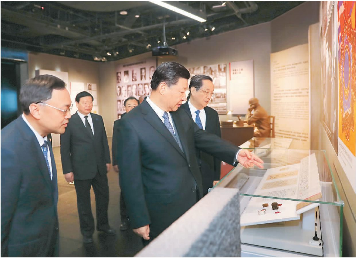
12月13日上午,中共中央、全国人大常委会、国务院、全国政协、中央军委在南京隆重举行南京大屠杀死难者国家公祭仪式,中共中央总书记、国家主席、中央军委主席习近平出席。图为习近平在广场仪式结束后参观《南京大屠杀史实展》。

────────

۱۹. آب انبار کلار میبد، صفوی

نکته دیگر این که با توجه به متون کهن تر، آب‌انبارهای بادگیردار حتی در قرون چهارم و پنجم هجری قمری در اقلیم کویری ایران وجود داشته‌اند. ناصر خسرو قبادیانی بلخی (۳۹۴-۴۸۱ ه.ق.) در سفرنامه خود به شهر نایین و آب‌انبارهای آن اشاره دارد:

────────

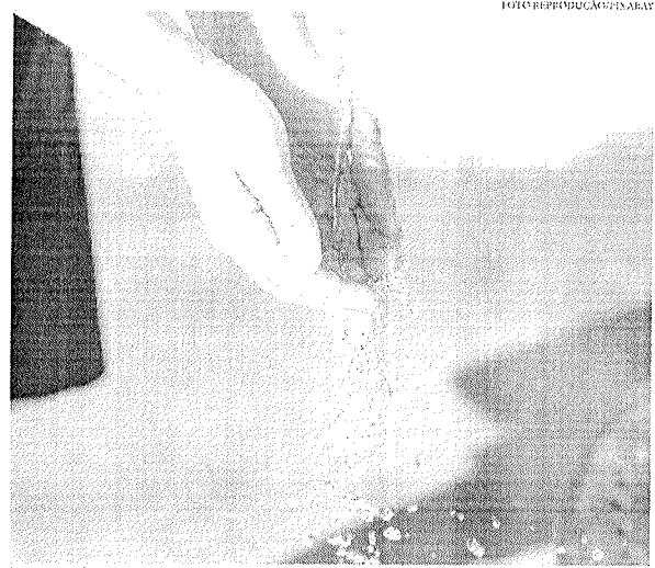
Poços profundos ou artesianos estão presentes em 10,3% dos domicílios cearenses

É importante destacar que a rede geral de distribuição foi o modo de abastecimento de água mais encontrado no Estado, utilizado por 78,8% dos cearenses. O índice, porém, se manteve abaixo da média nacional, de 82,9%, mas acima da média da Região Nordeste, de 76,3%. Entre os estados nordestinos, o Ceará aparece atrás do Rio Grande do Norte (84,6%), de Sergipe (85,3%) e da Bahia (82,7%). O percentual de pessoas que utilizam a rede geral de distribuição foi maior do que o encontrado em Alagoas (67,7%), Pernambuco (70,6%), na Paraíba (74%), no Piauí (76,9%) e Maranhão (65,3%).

────────

Your goal: Find the string "cearenses" in the entries above and return each line that holds it.

Reply to the exercise:
Poços profundos ou artesianos estão presentes em 10,3% dos domicílios cearenses
É importante destacar que a rede geral de distribuição foi o modo de abastecimento de água mais encontrado no Estado, utilizado por 78,8% dos cearenses. O índice, porém, se manteve abaixo da média nacional, de 82,9%, mas acima da média da Região Nordeste, de 76,3%. Entre os estados nordestinos, o Ceará aparece atrás do Rio Grande do Norte (84,6%), de Sergipe (85,3%) e da Bahia (82,7%). O percentual de pessoas que utilizam a rede geral de distribuição foi maior do que o encontrado em Alagoas (67,7%), Pernambuco (70,6%), na Paraíba (74%), no Piauí (76,9%) e Maranhão (65,3%).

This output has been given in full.